Zynga CEO Don Mattrick's job security is being questioned as the maker of online game FarmVille — once the most popular game on Facebook — continues to struggle.

A prominent Wall Street analyst on Friday called for Mattrick, who took over the helm at Zynga in July of 2013, to be "terminated" following disappointing fourth-quarter earnings results.

In a scathing research note titled, "Zynga Needs A New Leader — Time for Don Mattrick To Go," BTIG analyst Richard Greenfield outlined his case for why Mattrick, former head of Microsoft's Xbox division, is not the right man for the job.

In his note, Greenfield criticized Mattrick for spending time and money on finding the next big blockbuster at the expense of the company's "core franchises," like Zynga Poker.

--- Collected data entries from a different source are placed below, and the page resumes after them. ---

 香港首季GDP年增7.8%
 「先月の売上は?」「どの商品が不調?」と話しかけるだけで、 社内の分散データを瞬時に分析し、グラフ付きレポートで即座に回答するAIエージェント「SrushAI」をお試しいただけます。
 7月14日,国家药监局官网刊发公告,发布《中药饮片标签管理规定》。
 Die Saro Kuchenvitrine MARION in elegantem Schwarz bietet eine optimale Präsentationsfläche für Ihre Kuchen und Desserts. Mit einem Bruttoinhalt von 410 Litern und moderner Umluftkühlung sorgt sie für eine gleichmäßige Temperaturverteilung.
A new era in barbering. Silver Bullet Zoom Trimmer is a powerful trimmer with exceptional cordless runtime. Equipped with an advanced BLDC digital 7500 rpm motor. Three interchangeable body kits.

He also blasted Mattrick for rushing out games and not properly testing games before launching them.

On Thursday, Mattrick admitted to investors that the company hasn't always taken the time it should have to get the games right before launching them, including its NFL Showdown game.

"We moved quickly to release NFL Showdown to hit the season kickoff, but by doing so launched an experience with less features than is typical for a worldwide launch," Mattrick said in the company's earnings call on Thursday.

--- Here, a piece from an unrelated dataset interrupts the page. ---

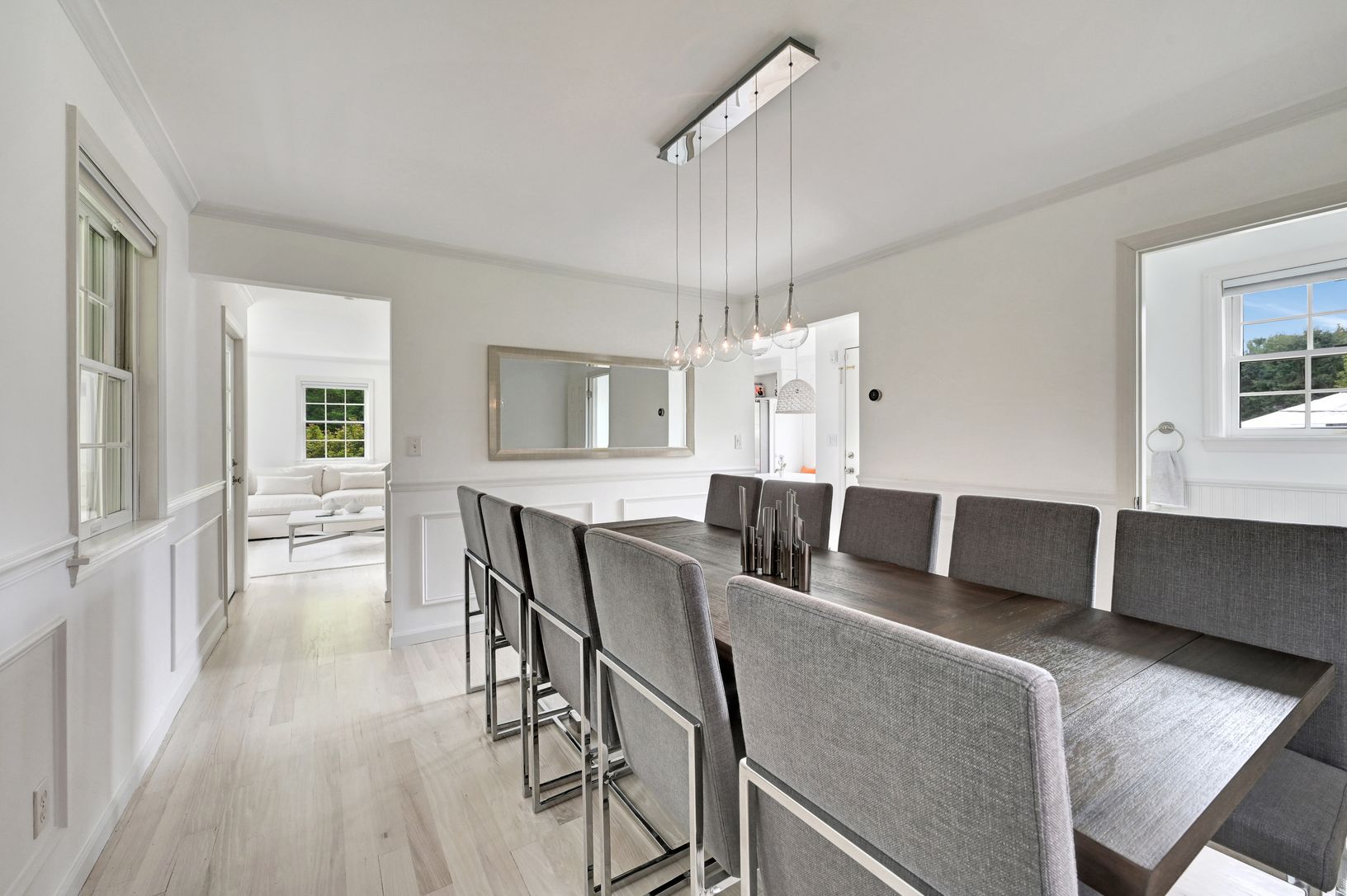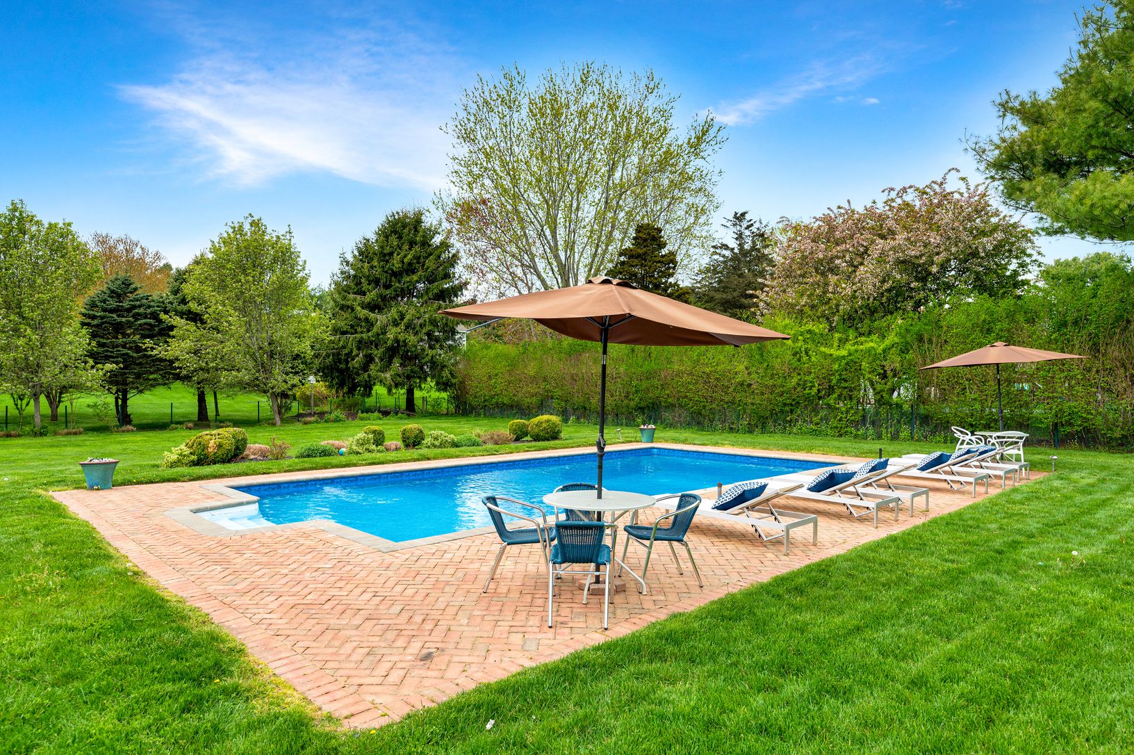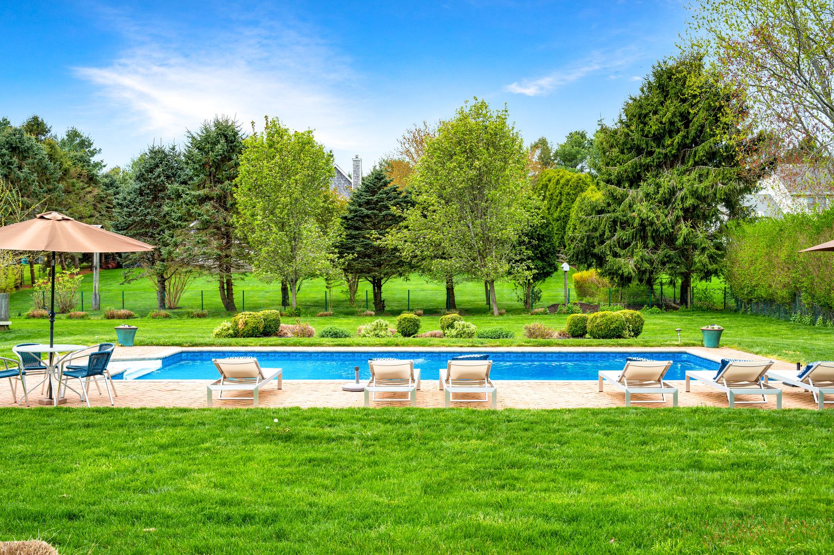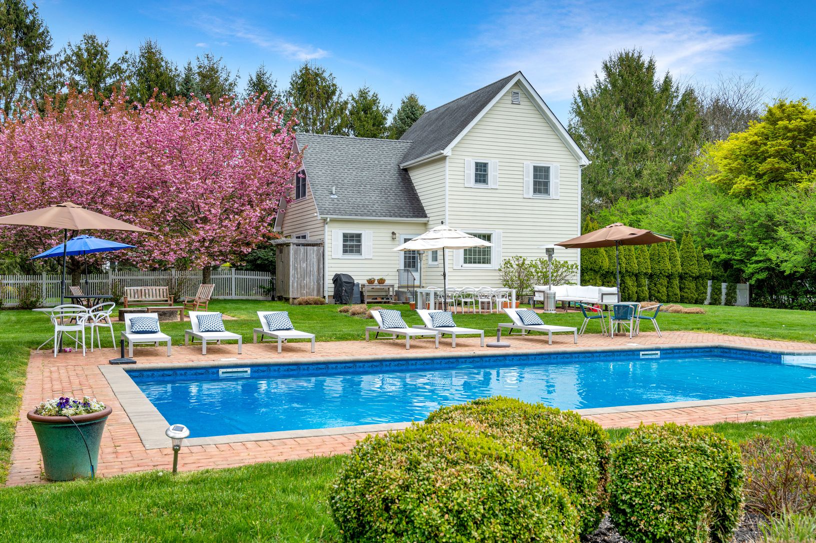 Located in Water Mill farm country, this very private .80 +/- acre flag lot offers 2,000 +/- square foot of recently renovated living space that was designed and furnished by National Designer, Cindy Montgomery. The light-filled living room is equipped with flat screen television and new modern fireplace that lead to an open modern kitchen with custom designed breakfast nook that looks out to the pool and lush grounds. The second floor feature

"We learned the tough lesson that we needed more adequate testing across consumer segments, geographies and devices," he added.

A Zynga spokeswoman declined to comment Friday on Greenfield's research note.

Mattrick took over from Zynga founder Mark Pincus as the publicly traded company struggled to transition to the trend toward mobile gaming and away from gaming on social-networking sites like Facebook, which is where FarmVille rose to gaming fame.

"Your strategy appears to be all over the place," Greenfield said in the note, which was written as a letter to Mattrick. "Your core franchises have and continue to generate meaningful earnings, yet that is being completely offset by your attempts to find the next hit games in categories where Zynga has no underlying expertise," he said.

On Thursday, Zynga said it lost $45.1 million, or 5 cents a share, for the three-month period ended in December. That compares with a loss of $25.2 million, or 3 cents a share, in the year-earlier period.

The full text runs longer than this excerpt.